BEGIN DATA

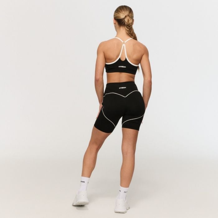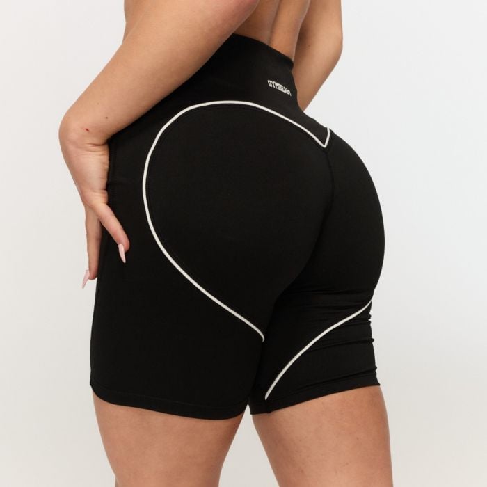 Ez a sport rövidnadrág karcsúsított, középhosszú szabással rendelkezik, amely tökéletesen illeszkedik az alakodhoz. A magas derék rugalmas pánttal biztosítja, hogy minden a helyén maradjon, míg az elülső rész varrásmentes kialakítása maximális kényelmet nyújt. A kiemelkedő jellemzője a nagy, kontrasztos szív alakú szegély a háton, amely vékony fehér csíkokból áll a trendi megjelenésért. Ez a részlet optikailag formálja az alakodat, kiemeli az íveidet, és tökéletesen hangsúlyozza nőies alakodat és vonzerődet.
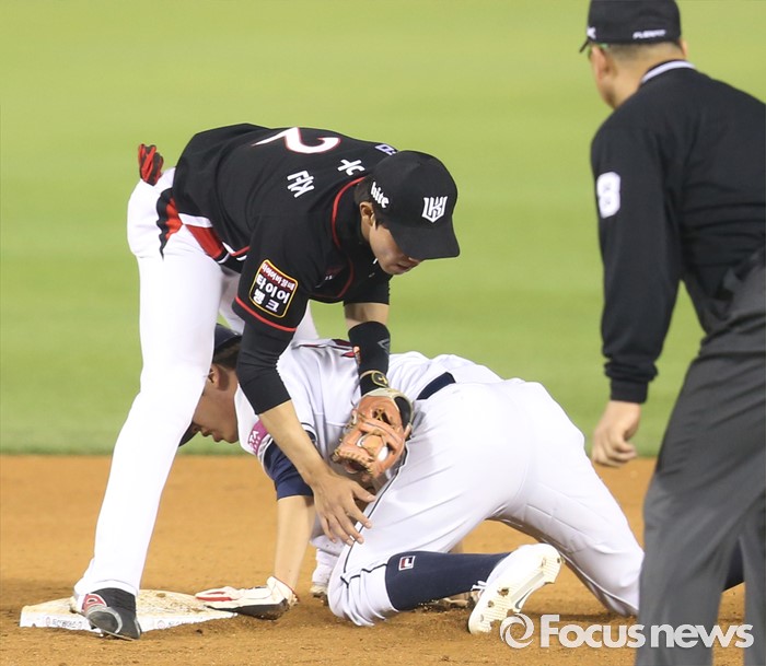 (서울=포커스뉴스) 25일 서울 잠실구장에서 열린 2016프로야구 kt-두산 경기 8회말 2사후 볼넷으로 진루한 두산 정수빈이 오재일 타석때 2루 도루에 성공하고 있다.
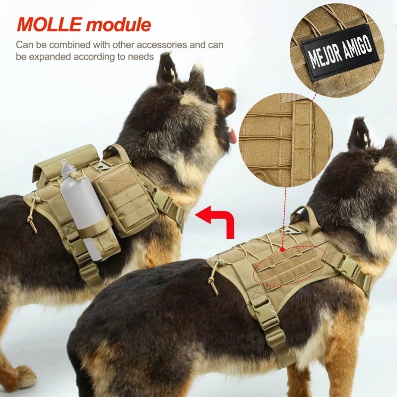 Material duradero para entrenamiento de perro: el chaleco táctico para perro está hecho de nailon 1000D de alta calidad que es duradero y no se daña. La hebilla de pesado también es de alta calidad, no se rompe ni se oxida. Es duradero y es mejor para el entrenamiento de sus mascotas, perros militares.
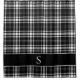 Stylish shower curtain with a chequered black and white buffalo plaid/tartan design, personalised with your monogram/initial or any text you choose.
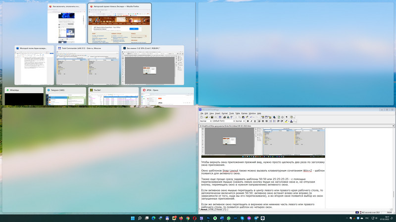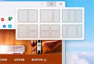 Окно шаблонов Snap Layout также можно вызвать клавиатурным сочетанием Win+Z - шаблон появится для активного окна.
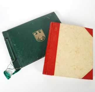 Konvolut von 2, Marine/Bundeswehr 1950er/60er-Jahre, bestehend aus: Album Marine, ca. 89 s/w-Fotos meist mit schriftlicher Einordnung, u.a. Rekrutenzeit Glückstadt 16.IV.-30.7.1958, Crew 4/58, weitere Fotos während des Dienstes u bei Übungen, an Land u auch auf Schiff, ca. 25 x 22 cm; Album Heer, Dienst wohl in Hessen, ca. 91 s/w-Fotos, u.a. Dienst, Fahrzeuge, u.a. Jeeps, Panzer, Fahrzeigverladung, goldgepräger Bundesadler auf Albumtittel, ca. 22,5 x 31 cm
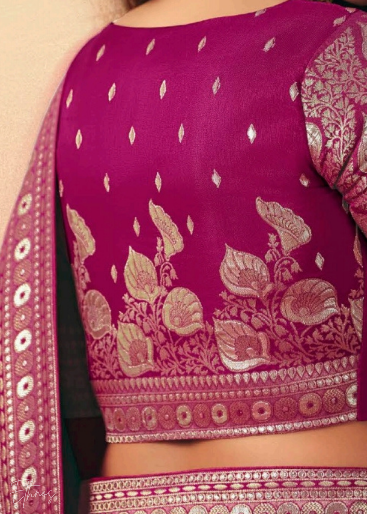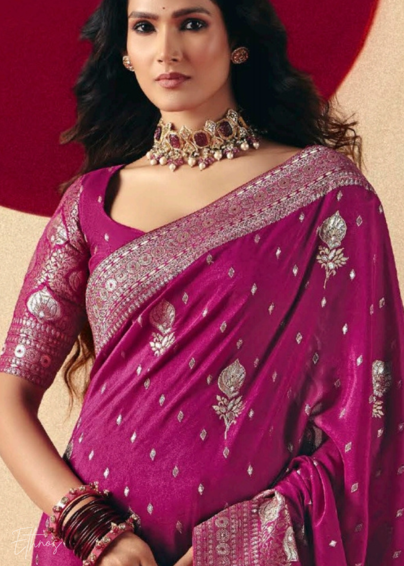 Drape yourself in pure viscous dola silk that's been dressed up with shimmering zari weaving and playful tassels for that extra flair. The matching brocade blouse gets its own golden touch with zari detailing, making this saree a show-stopping choice for celebrations and special moments.
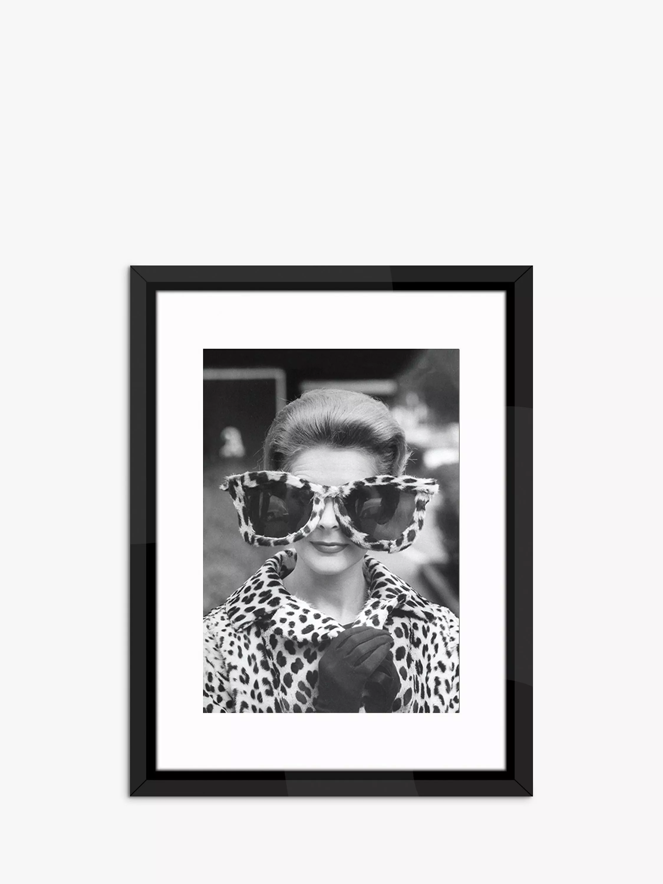 A framed black and white photographic print, from The Studio Collection, by photographer Stan Wayman, capturing the audacity and style of '60s fashion. Model June Pickney wears a leopard print coat and matching over-sized sunglasses.
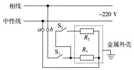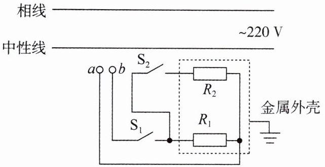25. 某型号煎烤机有上下两个加热盘,由两个开关控制其工作状态. $ R_1 $ 为下盘电热丝,$ R_2 $ 为上盘电热丝,两电热丝阻值相等,煎烤机的最大额定功率为 $ 2200 \, W $. 如图为煎烤机的内部简化电路图(不考虑温度对电热丝阻值的影响)。

END DATA

* [WHAT TO PRODUCE] Please quote exactly the run of lines that starts the entries and ends at the line containing "(서울=포커스뉴스) 25일 서울", leaving out every picture.

* [ANSWER BELOW]
 Ez a sport rövidnadrág karcsúsított, középhosszú szabással rendelkezik, amely tökéletesen illeszkedik az alakodhoz. A magas derék rugalmas pánttal biztosítja, hogy minden a helyén maradjon, míg az elülső rész varrásmentes kialakítása maximális kényelmet nyújt. A kiemelkedő jellemzője a nagy, kontrasztos szív alakú szegély a háton, amely vékony fehér csíkokból áll a trendi megjelenésért. Ez a részlet optikailag formálja az alakodat, kiemeli az íveidet, és tökéletesen hangsúlyozza nőies alakodat és vonzerődet.
 (서울=포커스뉴스) 25일 서울 잠실구장에서 열린 2016프로야구 kt-두산 경기 8회말 2사후 볼넷으로 진루한 두산 정수빈이 오재일 타석때 2루 도루에 성공하고 있다.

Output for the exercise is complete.